Source material

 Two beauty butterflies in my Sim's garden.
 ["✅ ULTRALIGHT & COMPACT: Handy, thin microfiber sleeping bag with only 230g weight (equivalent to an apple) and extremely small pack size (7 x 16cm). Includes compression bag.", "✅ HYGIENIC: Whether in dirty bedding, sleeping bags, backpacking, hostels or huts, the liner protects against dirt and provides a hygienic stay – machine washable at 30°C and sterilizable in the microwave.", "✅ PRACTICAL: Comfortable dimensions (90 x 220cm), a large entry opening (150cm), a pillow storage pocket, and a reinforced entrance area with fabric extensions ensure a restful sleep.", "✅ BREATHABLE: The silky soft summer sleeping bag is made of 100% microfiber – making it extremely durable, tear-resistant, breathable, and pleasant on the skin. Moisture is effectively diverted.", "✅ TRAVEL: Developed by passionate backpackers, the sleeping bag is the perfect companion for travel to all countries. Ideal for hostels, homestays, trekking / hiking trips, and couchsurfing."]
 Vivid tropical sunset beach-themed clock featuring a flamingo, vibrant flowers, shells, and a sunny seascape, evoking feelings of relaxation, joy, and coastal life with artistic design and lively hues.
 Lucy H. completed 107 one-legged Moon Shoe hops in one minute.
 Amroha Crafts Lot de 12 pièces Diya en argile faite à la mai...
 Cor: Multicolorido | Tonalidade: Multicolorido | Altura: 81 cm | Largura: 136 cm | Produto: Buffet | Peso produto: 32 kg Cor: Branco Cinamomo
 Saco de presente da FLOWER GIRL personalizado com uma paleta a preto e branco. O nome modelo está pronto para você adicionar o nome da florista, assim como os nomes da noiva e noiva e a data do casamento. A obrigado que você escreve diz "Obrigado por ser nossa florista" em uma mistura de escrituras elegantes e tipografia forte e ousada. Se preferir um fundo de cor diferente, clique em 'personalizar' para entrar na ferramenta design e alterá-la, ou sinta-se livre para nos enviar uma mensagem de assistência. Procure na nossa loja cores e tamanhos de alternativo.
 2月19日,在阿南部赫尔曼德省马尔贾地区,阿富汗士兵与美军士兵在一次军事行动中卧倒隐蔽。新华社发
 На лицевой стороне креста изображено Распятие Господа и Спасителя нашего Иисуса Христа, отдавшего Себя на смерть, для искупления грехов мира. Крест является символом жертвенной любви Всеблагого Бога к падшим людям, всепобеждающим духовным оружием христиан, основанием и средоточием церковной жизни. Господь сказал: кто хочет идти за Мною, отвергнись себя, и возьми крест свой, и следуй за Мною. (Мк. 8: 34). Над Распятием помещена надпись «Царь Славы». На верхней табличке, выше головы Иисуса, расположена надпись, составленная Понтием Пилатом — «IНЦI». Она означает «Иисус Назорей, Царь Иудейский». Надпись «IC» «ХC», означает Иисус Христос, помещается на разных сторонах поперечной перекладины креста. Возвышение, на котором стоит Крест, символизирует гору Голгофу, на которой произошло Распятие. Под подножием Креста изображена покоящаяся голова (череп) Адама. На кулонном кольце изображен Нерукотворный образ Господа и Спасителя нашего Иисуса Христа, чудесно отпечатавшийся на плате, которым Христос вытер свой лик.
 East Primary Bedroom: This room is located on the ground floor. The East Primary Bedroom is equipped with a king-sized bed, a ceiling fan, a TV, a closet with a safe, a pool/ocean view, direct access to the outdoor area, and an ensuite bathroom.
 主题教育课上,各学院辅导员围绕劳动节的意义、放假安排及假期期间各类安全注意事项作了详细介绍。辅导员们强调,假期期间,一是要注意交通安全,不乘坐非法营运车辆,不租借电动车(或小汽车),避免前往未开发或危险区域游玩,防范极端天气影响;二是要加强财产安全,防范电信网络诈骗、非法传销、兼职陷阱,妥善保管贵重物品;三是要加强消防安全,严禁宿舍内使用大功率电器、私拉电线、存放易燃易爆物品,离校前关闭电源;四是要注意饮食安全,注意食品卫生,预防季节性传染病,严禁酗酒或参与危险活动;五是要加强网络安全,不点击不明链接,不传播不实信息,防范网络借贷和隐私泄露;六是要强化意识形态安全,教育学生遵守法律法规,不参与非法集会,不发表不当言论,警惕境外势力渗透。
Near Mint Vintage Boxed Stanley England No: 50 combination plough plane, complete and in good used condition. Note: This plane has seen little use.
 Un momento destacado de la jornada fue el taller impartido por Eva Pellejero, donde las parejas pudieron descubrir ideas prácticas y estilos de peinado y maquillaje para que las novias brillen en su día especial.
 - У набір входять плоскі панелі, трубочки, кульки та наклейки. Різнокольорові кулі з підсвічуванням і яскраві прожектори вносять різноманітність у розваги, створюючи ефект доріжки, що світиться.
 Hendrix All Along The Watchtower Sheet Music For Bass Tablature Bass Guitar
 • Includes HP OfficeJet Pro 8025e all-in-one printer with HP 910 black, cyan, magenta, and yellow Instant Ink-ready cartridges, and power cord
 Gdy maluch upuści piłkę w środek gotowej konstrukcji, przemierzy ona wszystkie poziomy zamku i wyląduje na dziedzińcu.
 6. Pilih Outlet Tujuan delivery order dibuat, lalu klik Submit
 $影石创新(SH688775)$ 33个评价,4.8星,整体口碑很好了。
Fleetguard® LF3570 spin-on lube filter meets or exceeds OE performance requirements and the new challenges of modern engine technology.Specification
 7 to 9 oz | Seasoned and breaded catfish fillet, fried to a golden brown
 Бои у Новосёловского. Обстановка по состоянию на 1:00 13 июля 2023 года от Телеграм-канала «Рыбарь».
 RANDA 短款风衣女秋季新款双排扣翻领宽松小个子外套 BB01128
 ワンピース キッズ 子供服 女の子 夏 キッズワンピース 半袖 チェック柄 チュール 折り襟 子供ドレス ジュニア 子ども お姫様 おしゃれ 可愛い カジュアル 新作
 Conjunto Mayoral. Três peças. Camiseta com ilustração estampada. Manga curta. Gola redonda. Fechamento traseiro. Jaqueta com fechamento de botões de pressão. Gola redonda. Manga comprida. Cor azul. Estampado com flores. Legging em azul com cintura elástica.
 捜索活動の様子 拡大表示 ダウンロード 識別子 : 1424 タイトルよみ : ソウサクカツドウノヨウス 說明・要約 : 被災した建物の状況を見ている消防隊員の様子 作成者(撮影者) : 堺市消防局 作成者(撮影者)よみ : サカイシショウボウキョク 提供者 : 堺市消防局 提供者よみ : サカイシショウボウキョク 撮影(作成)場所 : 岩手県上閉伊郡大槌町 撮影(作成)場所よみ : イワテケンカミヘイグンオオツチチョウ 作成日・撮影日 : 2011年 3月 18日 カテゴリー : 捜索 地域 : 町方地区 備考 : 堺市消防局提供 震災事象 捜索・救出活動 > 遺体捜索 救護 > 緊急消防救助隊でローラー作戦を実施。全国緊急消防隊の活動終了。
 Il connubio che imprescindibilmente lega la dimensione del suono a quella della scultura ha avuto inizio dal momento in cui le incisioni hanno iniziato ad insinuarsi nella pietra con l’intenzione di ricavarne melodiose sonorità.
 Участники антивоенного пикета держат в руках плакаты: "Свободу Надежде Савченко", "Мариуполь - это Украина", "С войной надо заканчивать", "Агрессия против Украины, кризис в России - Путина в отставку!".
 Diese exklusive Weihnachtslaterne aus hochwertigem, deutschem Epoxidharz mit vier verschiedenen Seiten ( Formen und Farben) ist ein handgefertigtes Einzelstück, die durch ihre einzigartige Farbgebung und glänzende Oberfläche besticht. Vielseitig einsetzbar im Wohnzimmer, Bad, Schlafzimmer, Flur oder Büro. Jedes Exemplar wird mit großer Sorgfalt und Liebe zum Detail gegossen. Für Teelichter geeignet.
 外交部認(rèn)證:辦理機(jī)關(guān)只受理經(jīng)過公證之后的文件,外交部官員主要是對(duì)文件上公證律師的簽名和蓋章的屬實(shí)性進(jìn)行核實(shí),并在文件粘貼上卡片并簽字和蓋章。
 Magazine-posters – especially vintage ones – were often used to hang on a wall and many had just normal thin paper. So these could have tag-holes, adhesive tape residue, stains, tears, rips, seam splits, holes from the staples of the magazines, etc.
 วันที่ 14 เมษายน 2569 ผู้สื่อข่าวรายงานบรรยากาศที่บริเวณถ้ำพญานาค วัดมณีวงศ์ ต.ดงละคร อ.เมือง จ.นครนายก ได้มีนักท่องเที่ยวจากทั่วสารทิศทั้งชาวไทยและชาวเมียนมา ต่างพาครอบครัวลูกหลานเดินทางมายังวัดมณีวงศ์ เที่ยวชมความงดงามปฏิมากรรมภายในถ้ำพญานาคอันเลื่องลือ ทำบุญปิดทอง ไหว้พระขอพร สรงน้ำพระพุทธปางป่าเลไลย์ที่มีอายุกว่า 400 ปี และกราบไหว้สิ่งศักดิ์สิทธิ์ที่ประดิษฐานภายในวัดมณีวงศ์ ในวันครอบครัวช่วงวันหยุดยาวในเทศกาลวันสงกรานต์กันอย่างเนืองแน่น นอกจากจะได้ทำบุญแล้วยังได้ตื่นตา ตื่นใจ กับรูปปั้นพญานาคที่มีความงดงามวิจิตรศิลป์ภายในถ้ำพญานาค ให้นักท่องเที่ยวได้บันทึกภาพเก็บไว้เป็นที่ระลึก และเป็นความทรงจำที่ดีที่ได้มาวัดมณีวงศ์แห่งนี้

Task prompt
Would you filter the entries above and keep each line that has the word "used"?

Result of this exercise
Near Mint Vintage Boxed Stanley England No: 50 combination plough plane, complete and in good used condition. Note: This plane has seen little use.
 Magazine-posters – especially vintage ones – were often used to hang on a wall and many had just normal thin paper. So these could have tag-holes, adhesive tape residue, stains, tears, rips, seam splits, holes from the staples of the magazines, etc.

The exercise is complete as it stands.